Multiplexers and Demultiplexers
A multiplexer (MUX) is a combinational circuit that selects one of N data inputs and forwards it to a single output line. The selection is controlled by select lines (also called control lines). An N-input MUX requires log2(N) select lines.
Common MUX Sizes
| MUX Type | Data Inputs | Select Lines | Boolean Expression |
|---|---|---|---|
| 2:1 | 2 | 1 | Y = S'I0 + SI1 |
| 4:1 | 4 | 2 | Y = S1'S0'I0 + S1'S0I1 + S1S0'I2 + S1S0I3 |
| 8:1 | 8 | 3 | Y = sum of 8 minterms |
| 16:1 | 16 | 4 | Y = sum of 16 minterms |
MUX as a Universal Gate
A 2:1 MUX is functionally complete -- it can implement any Boolean function. By wiring specific constants (0 or 1) or input variables to the data and select inputs, you can build AND, OR, NOT, and every other gate. This property makes the MUX one of the most versatile building blocks in digital design. An N-variable function can be implemented with a single 2^N:1 MUX by connecting the function's truth table values to the data inputs.
Demultiplexer (DEMUX)
A demultiplexer performs the reverse operation: it takes a single input and routes it to one of 2^N outputs based on N select lines. All unselected outputs are driven to 0 (or high-impedance). A 1:4 DEMUX, for example, takes one data input and two select lines, and produces four outputs where exactly one carries the input signal.
CPU Data Path Routing
In a CPU, multiplexers are critical for data path routing. They select between:
- Register file outputs vs. immediate values for ALU operands
- ALU result vs. memory data for register write-back
- PC+4 vs. branch target vs. jump address for the next program counter
Larger MUXes can be built hierarchically -- a 16:1 MUX can be constructed from five 4:1 MUXes (four at the first level, one at the second level selecting among them).
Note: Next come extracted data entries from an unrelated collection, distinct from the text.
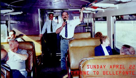 The three coaches owned by the Horseshoe Curve Chapter, former Lackawanna MU electric-motor commuter coaches, returned to Altoona in June after several years absence on lease to other short-line railroads. With the return of this equipment, Horseshoe Curve Chapter initiated a series of summer and autumn excursions on the Everett Railroad utilizing Roaring Spring as the base of operations. This joint venture with the Roaring Spring Historical Society, which has restored the former PRR passenger station at that location for their headquarters, proved to be a great success. Excursion activity began in July to Hollidaysburg and Martinsburg as well as September (Rare Mileage excursion of entire ex-PRR line for railfans), October, concluding with a Santa Claus special in late November.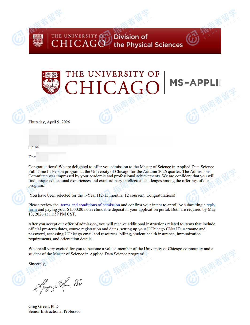 芝加哥大学应用数据科学硕士研究生offer一枚
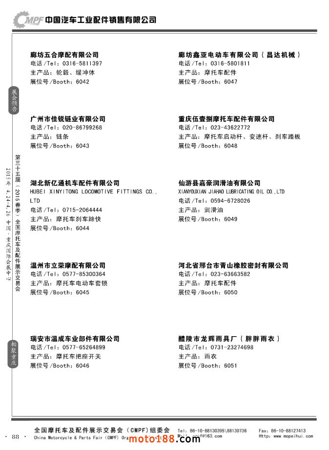 ”全國摩托車及配件展示會“(CMPF)是中國摩托車行業的傳統盛會,自1981年至今已成功舉辦了67季次(每年春、秋季各舉辦一次),現已發展成為行業內規模最大、專業觀眾最多、影響最廣泛、參展商最有收獲的全國性品牌展會。CMPF展會聚集了全國大部分摩托車配件生產企業與流通企業,是產需雙方進行貿易洽談、新產品技術推廣與交流的理想服務平臺。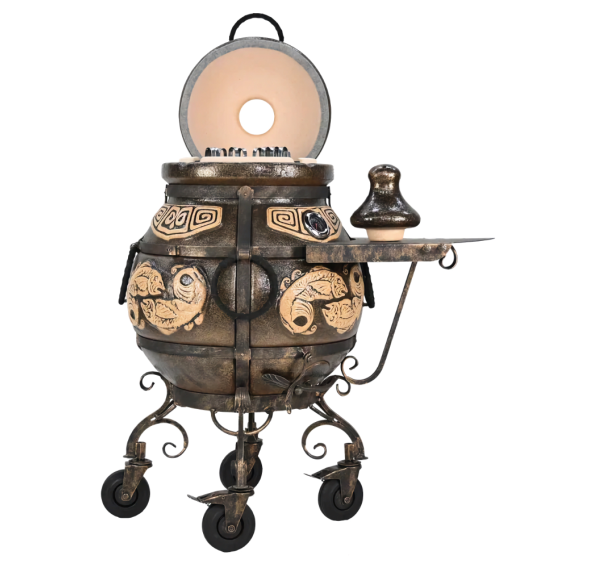 Объёмный, удобный, красивый! Тандыр "ЭКОтандыр-Шар" — это одна из удачных моделей тандыров, так как распределение тепла от стенок внутри происходит более равномерно. Механизм откидывания большой крышки уже отработанная и оправданная опция, широкая горловина для любых экспериментов с приготовлениями блюд. В качестве узоров используется стилистически выполненный иероглиф богатства, успеха (удачи) или узор двух рыб символ счастья, успеха, изобилия. В общем тандыр — оберег, не иначе. А как он готовит... Это надо попробовать!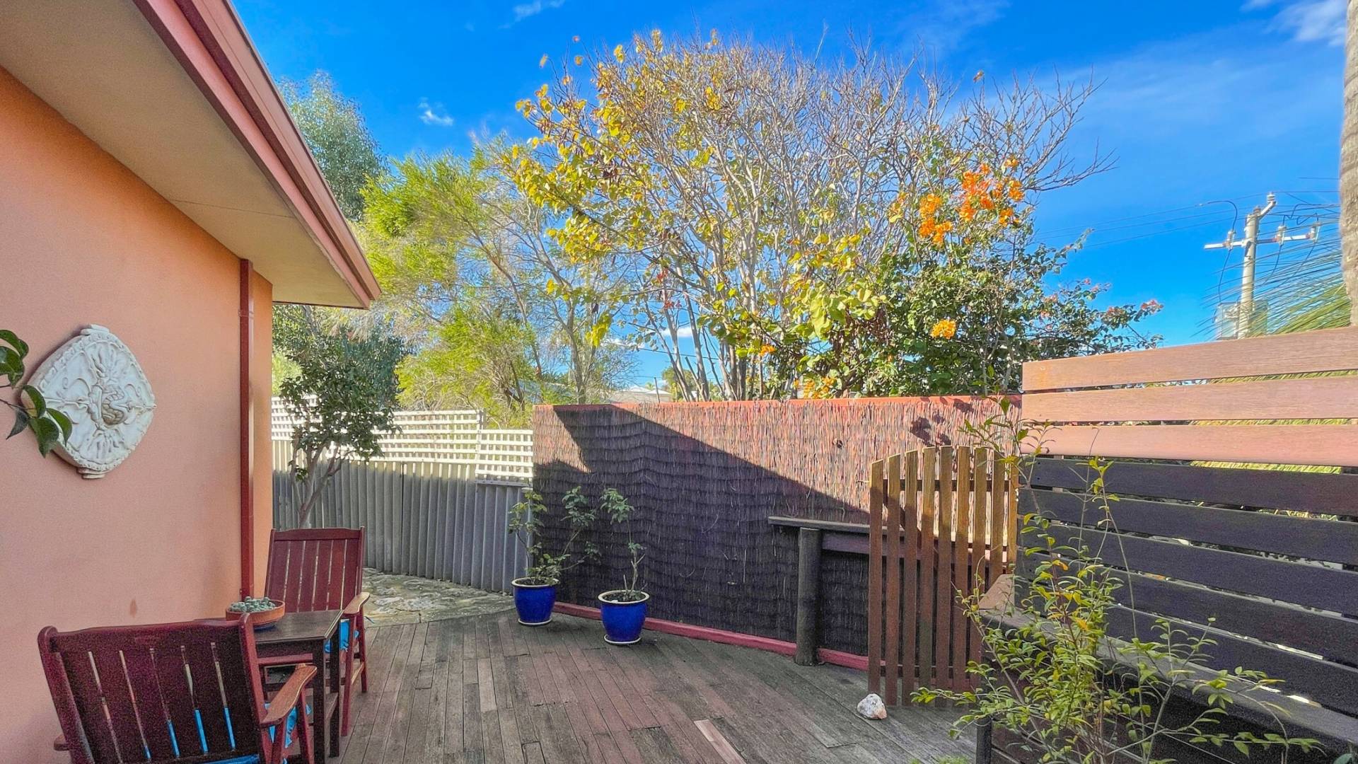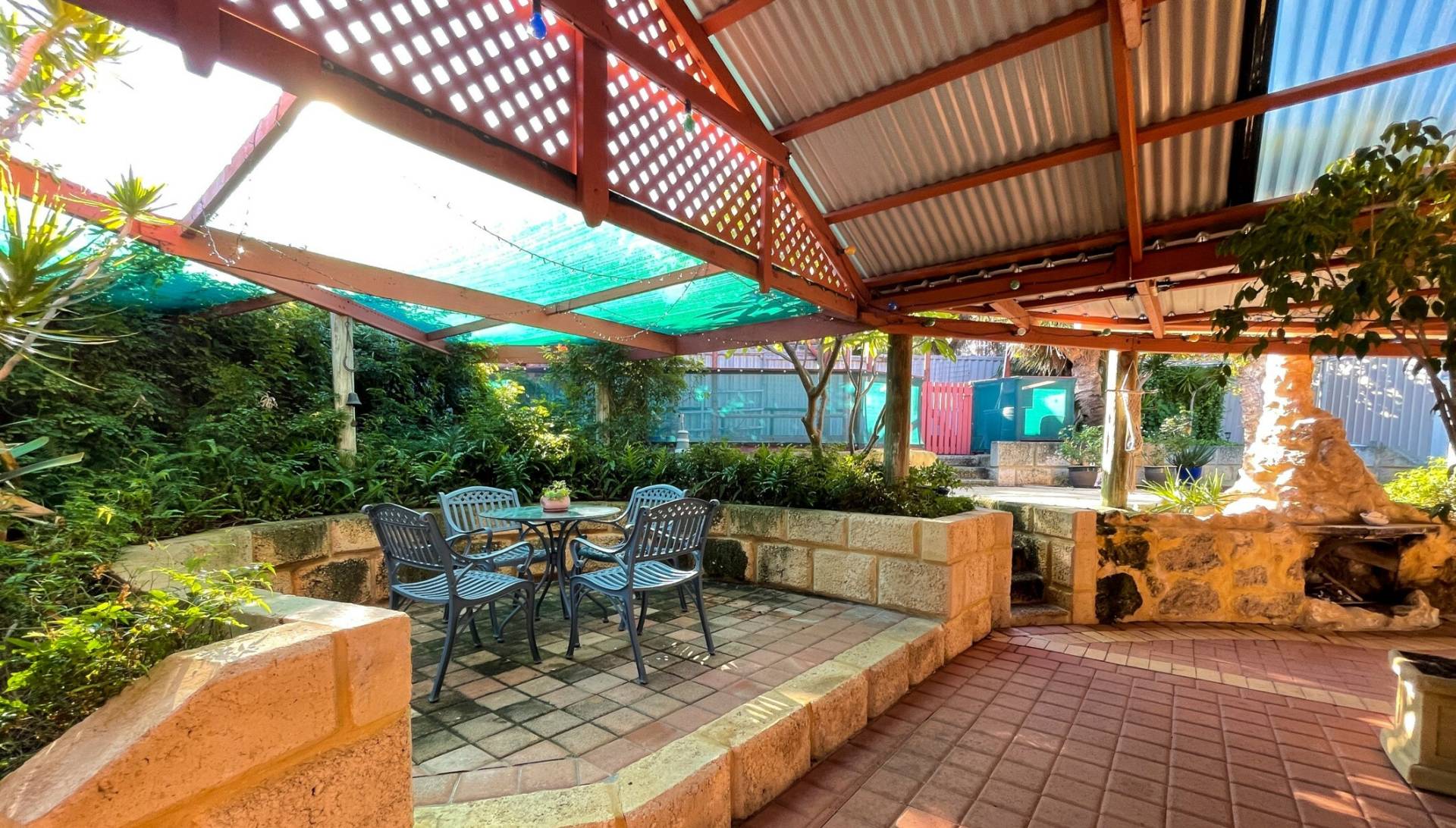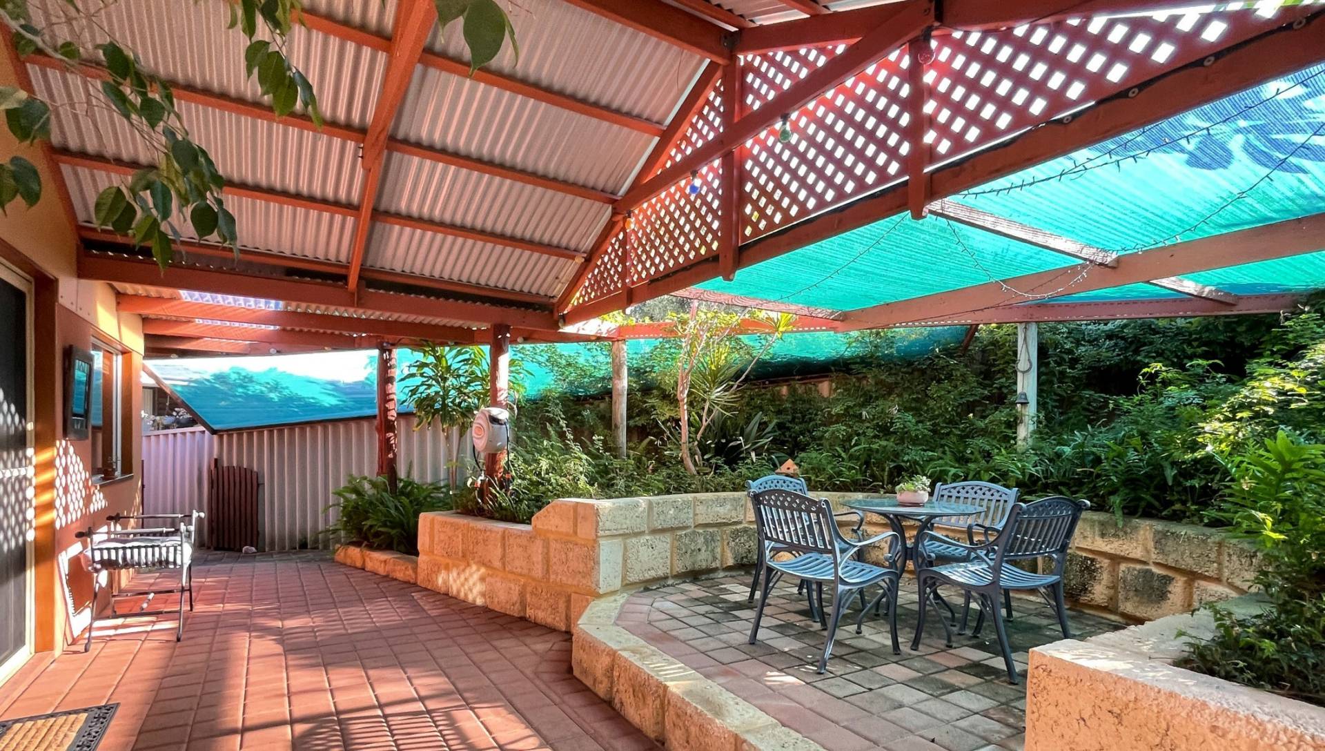 Separate hidden garden deck for sitting and relaxing Private backyard with lush green lawns and a garden shed Large covered carport – or additional entertaining area – off the second driveway Enough overall parking for up to five cars, a boat and a caravan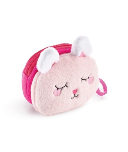 Mini carteira em forma de coelho para organizar moedas ou objetos pequenos. ¶Fecho de correr.¶Com porta-chaves¶¶Material: poliéster com efeito felpudo e pormenores bordados.¶¶Porta Moedas - 95x95x60mm¶Caixa - 100x100x63mm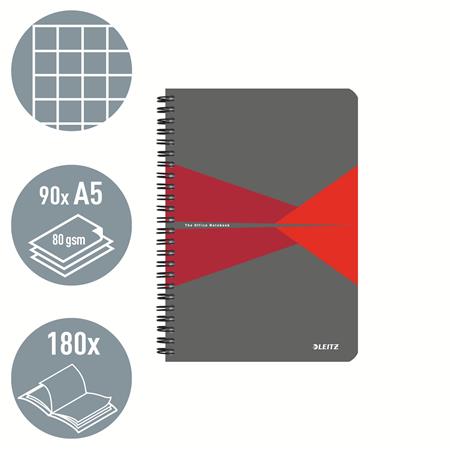 Spirálfüzet, A5, kockás, 90 lap, laminált karton borító, LEITZ "Office", szürke-piros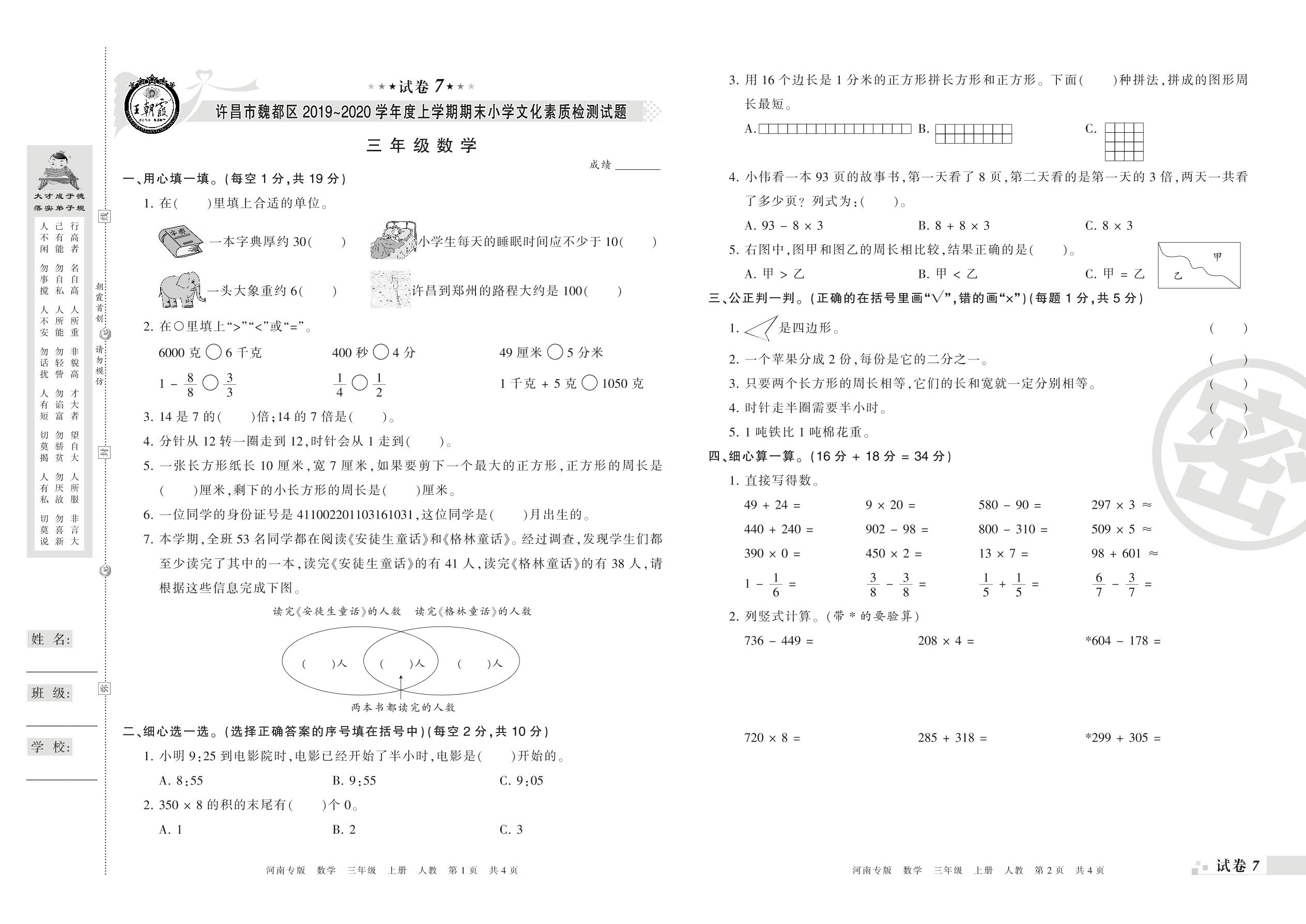 2019-2020学年第一学期许昌市魏都区三年级数学试卷(人教版)【7】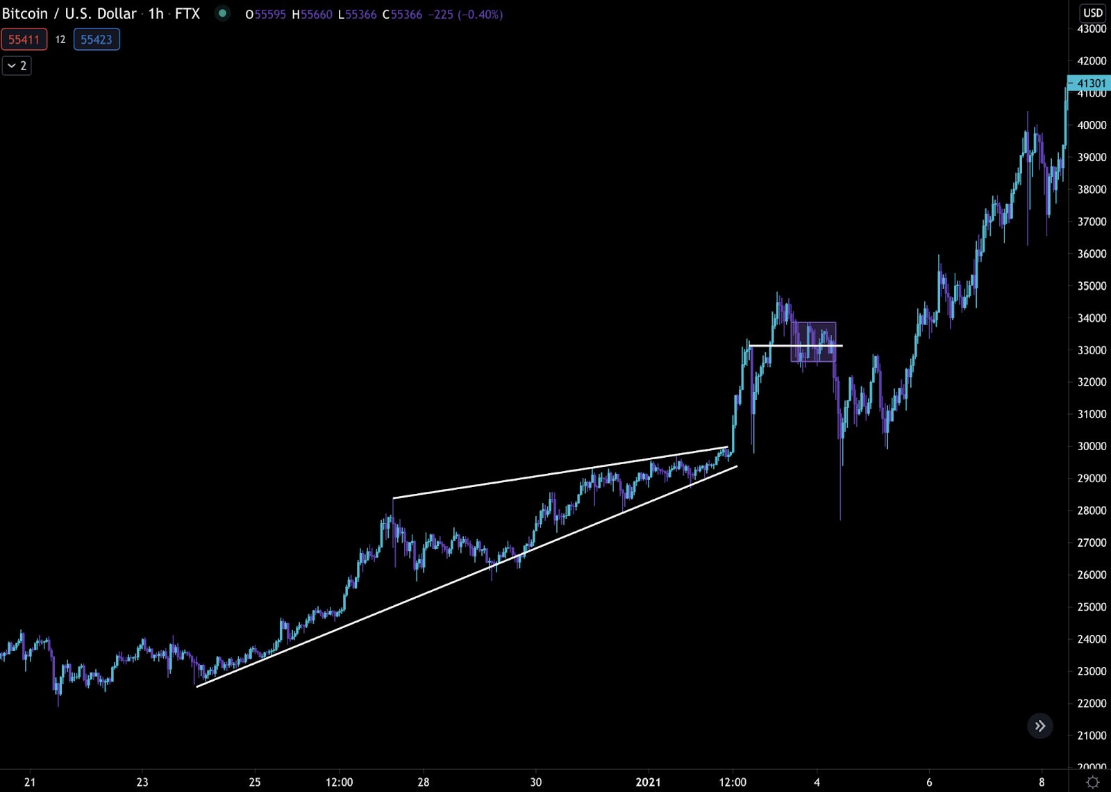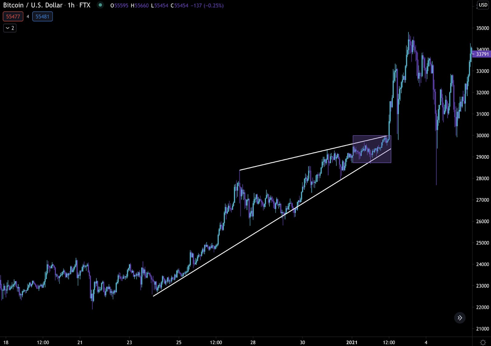 So to start, let’s look when price broke out above 30k. You might remember price was moving faster than just about anybody could keep up with.

Real-Life: TV Channel Selector
Think of a cable TV set-top box as a giant multiplexer. Hundreds of channels (data inputs) arrive simultaneously on the coaxial cable. When you press a channel number on the remote (select lines), the box selects exactly one channel's signal and routes it to your TV screen (output). The other channels are still present on the wire but ignored.
Other real-world analogies and uses:
- Train track switches: A rail switch is a physical demultiplexer -- an incoming train (single input) is routed to one of several tracks (outputs) based on the switch position (select).
- USB hubs: When a USB hub forwards data from one of several connected devices to the host, it acts as a MUX, selecting which device's data stream gets access to the shared upstream link.
- FPGA routing fabric: FPGAs use thousands of tiny MUXes to implement configurable routing between logic blocks. The "select" values are stored in configuration SRAM cells.
- Memory address decoding: A DEMUX is used in memory systems to activate exactly one chip-select line based on higher-order address bits, enabling only the targeted memory chip.